Reaction-induced boosted mobility is an exciting paradigm that has been comprehensively verified for micrometer-sized objects, while its relevance to the nano- and sub-nanometer scale, i.e., for enzymes and small molecules, is less clear. There have been theoretical studies, e.g., by one of the authors of the present paper,[1,2] which propose that “molecular swimmers” are possible and lay out the conditions under which they could be experimentally observed. In recent years, a number of experimental studies have reported diffusion enhancement in nanometer objects such as single enzymes.[3−5] However, these reports have been scrutinized on theoretical and experimental grounds, and, accordingly, the measurability of diffusion enhancement in enzymes in the existing experimental setups has been critiqued,[6−9] most recently in ref (10).
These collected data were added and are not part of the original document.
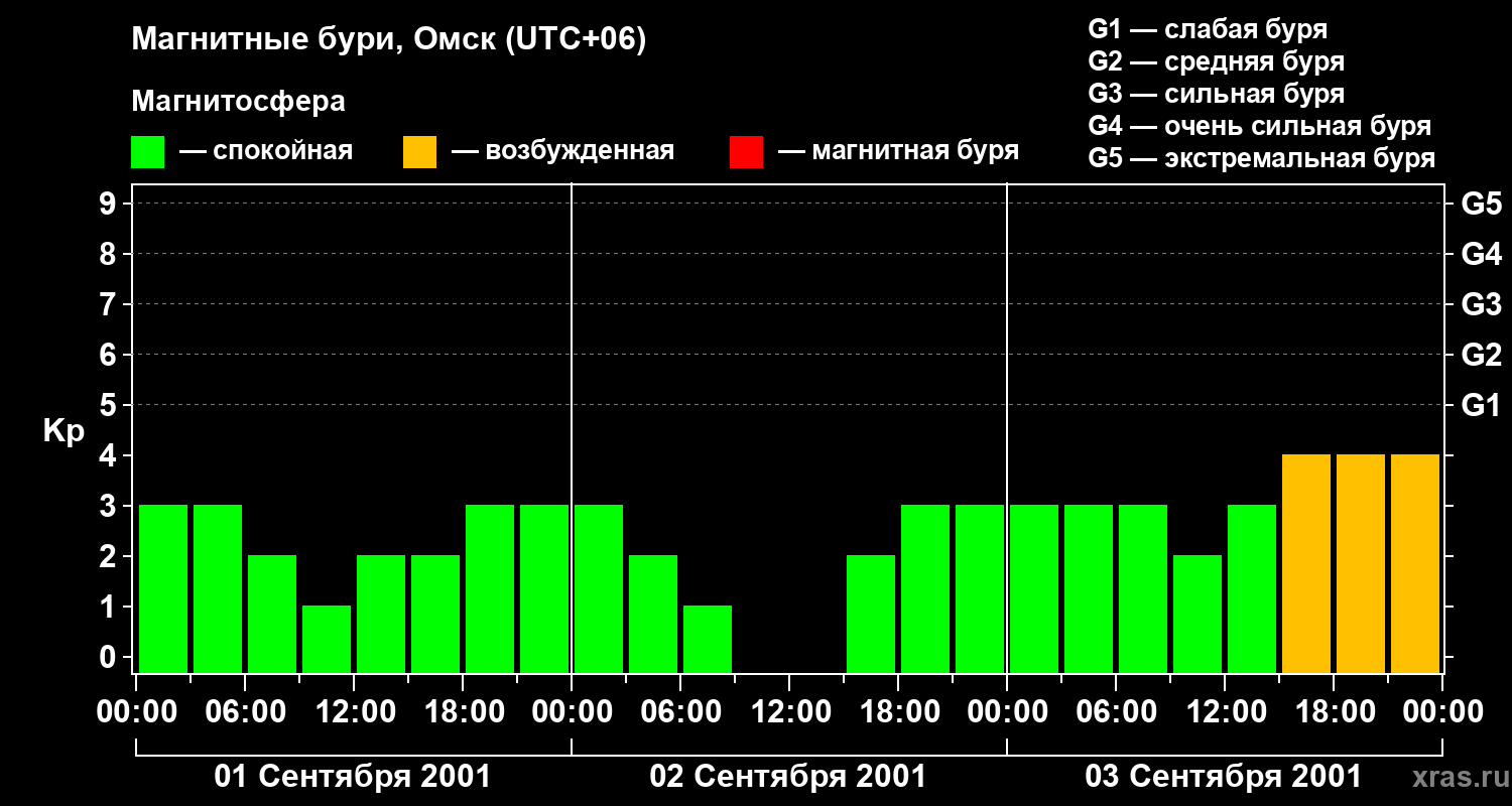 Изменения геомагнитного индекса Kp с 1 по 3 сентября 2001 года для средних широт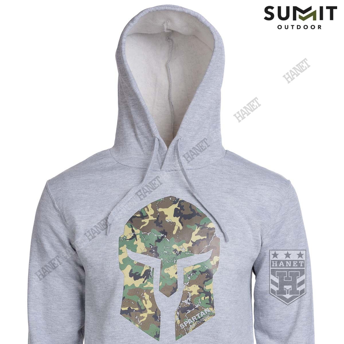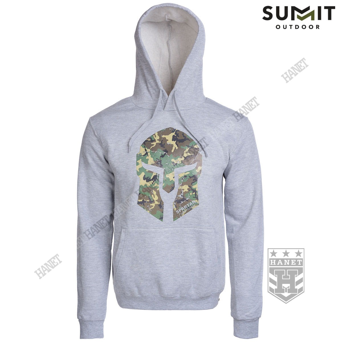 Bluza z Kapturem Bawełniana Sportowa Summit z Nadrukiem Spartan Szara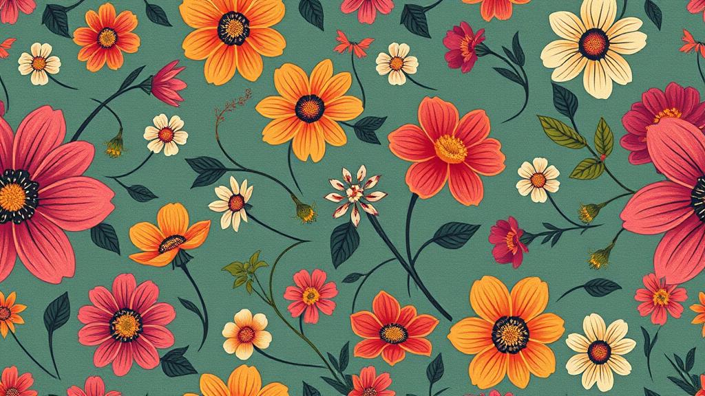 Aesthetic floral motif :: vintage-inspired pattern :: vibrant hues :: minimalist approach :: aspect ratio 2:3 :: enhanced quality :: subtle complexity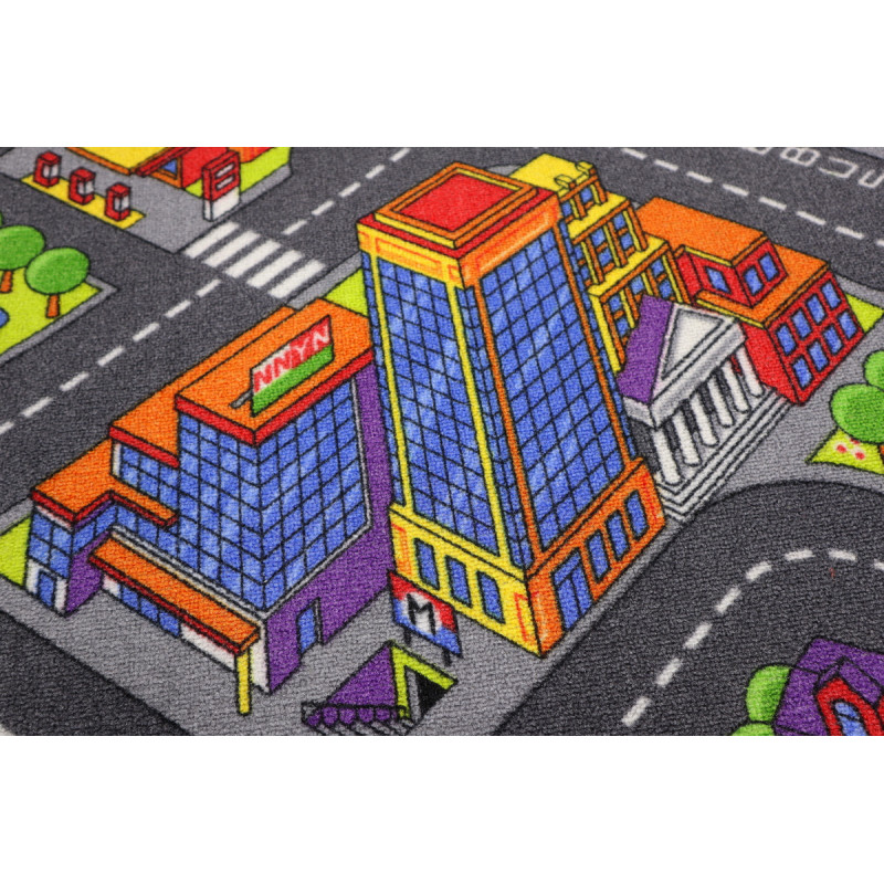 Dětský koberec Big City je hravý a barevný koberec plný malých dobrodružství, který promění každý dětský pokoj v živé město. Je na něm vykreslená síť šedých silnic s bílým dopravním značením, kruhovými objezdy, přechody, parkovišti a odbočkami, takže je ideální pro hraní s autíčky. Město doplňuje pestrá architektura, vysoké mrakodrapy, obytné domy,...

On this background, a recent Science paper from Granick’s group reporting pronounced diffusion enhancement for small molecular reactants has drawn the attention of a larger scientific community to the idea of molecular diffusion enhancement.[11] A particular case in their original and follow-up papers is the Cu(I)-catalyzed azide–alkyne cycloaddition (CuAAC) “click” reaction, for which the components of the reaction are claimed to exhibit diffusion enhancement in NMR diffusion measurements.[11−13] These reports have been the subject of a series of critical exchanges, in which the existence of measurable diffusion enhancement for the CuAAC reaction components has been seriously debated.[12−18] Recently, through carefully designed NMR diffusion measurements and analyses, including devising two novel post-acquisition NMR analysis methods, we reported that there was no measurable enhanced diffusion of the two reactants (alkyne and azide) and single product (triazole) of the CuAAC click reaction, and the observed alterations in their diffusion coefficients (Deff) pointed to the role of relatively large reaction intermediates diffusing more slowly than both the reactants and the product.[19] In their Comment on our article, Huang and Granick present a number of criticisms,[20] which we address below.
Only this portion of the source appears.